Les électrons émis passent ensuite à travers la section de pompage qui accueille les cryostats, puis dans un pré-spéctromètre avant d'entrer dans le spectromètre principal pour finir leur course sur le détecteur.
Pour établir le spectre électronique, le filtre établi successivement un certain potentiel électrique barrière, qui ne laisse passer, moyennant une fonction de probabilité, que les électrons avec une énergie supérieure à ce potentiel. Sur une durée donnée, le nombre d'électrons qui sont passés est compté par le détecteur en bout de course. Ainsi chaque valeur de potentiel est associé à un certain taux d'électron, ce qui permet de tracer le spectre intégral de la désintégration.

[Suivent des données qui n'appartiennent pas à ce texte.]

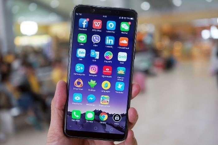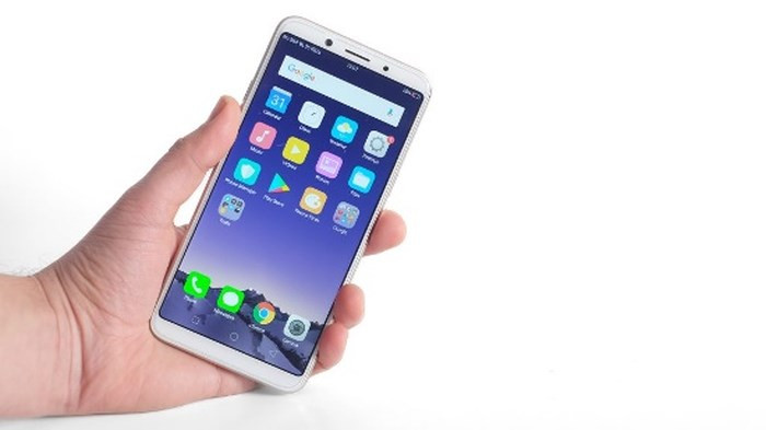 Mặt trước của Oppo F5 nổi bật với màn hình viền mỏng tỷ lệ siêu rộng 18:9 với tỷ lệ màn hình/mặt trước của máy là 78,1%. Chính vì vậy, kích cỡ thực tế của Oppo F5 dù có màn hình 6 inch nhưng chỉ tương đương các máy có màn hình 5.5 inch nên dễ cầm bằng một tay.

Pour optimiser l'efficacité, le filtre est un filtre MAC-E, pour Magnetic Adiabatic Collimation - Electrostatic. La forme ovoïde du spectromètre permet d'imposer un fort gradient de champ magnétique le long de la course des électrons, ce qui permet de transformer leur mouvement cycloïde en un mouvement quasi rectiligne et ainsi optimiser le filtre électrostatique.
La masse précise du neutrino est importante non seulement en physique des particules, mais aussi en cosmologie, parce qu'il permet de déterminer si les neutrinos sont susceptibles de contribuer (modestement) à la matière noire[2]. L'observation de l'oscillation de neutrinos est une preuve de l'existence d'une masse des neutrinos, mais ne permet pas de déterminer leur impact sur la formation des grandes structures en cosmologie. De plus, les oscillations de neutrinos ne donnent pas d'indications sur le fait que neutrino soit ou non sa propre antiparticule, c'est-à-dire de savoir s'il obéit à une équation de Majorana ou une équation de Dirac.
Avec la possibilité d'observer une double désintégration bêta d'anti-neutrino, KATRIN est l'une des expérimentations du neutrino qui serait le plus capable d'apporter des résultats significatifs dans le domaine dans un futur proche.
Les premières mesures avec KATRIN ont été effectuées entre avril et , pendant 28 jours avec une activité du tritium non nominale, ce qui correspond à 5 jours de données à activité nominale. Cette série d'expérience a montré que le neutrino était trop léger face à la sensibilité de l'appareil avec si peu de statistiques, et permet de conclure avec 90% de confiance à une masse inférieure à 1,1 eV, donc qu'il pèse moins de 1,96 × 10−33 gramme, ce qui est une contrainte expérimentale, indépendante d'hypothèses, au moins deux fois meilleure que les précédentes mesures par d'autres instruments[3].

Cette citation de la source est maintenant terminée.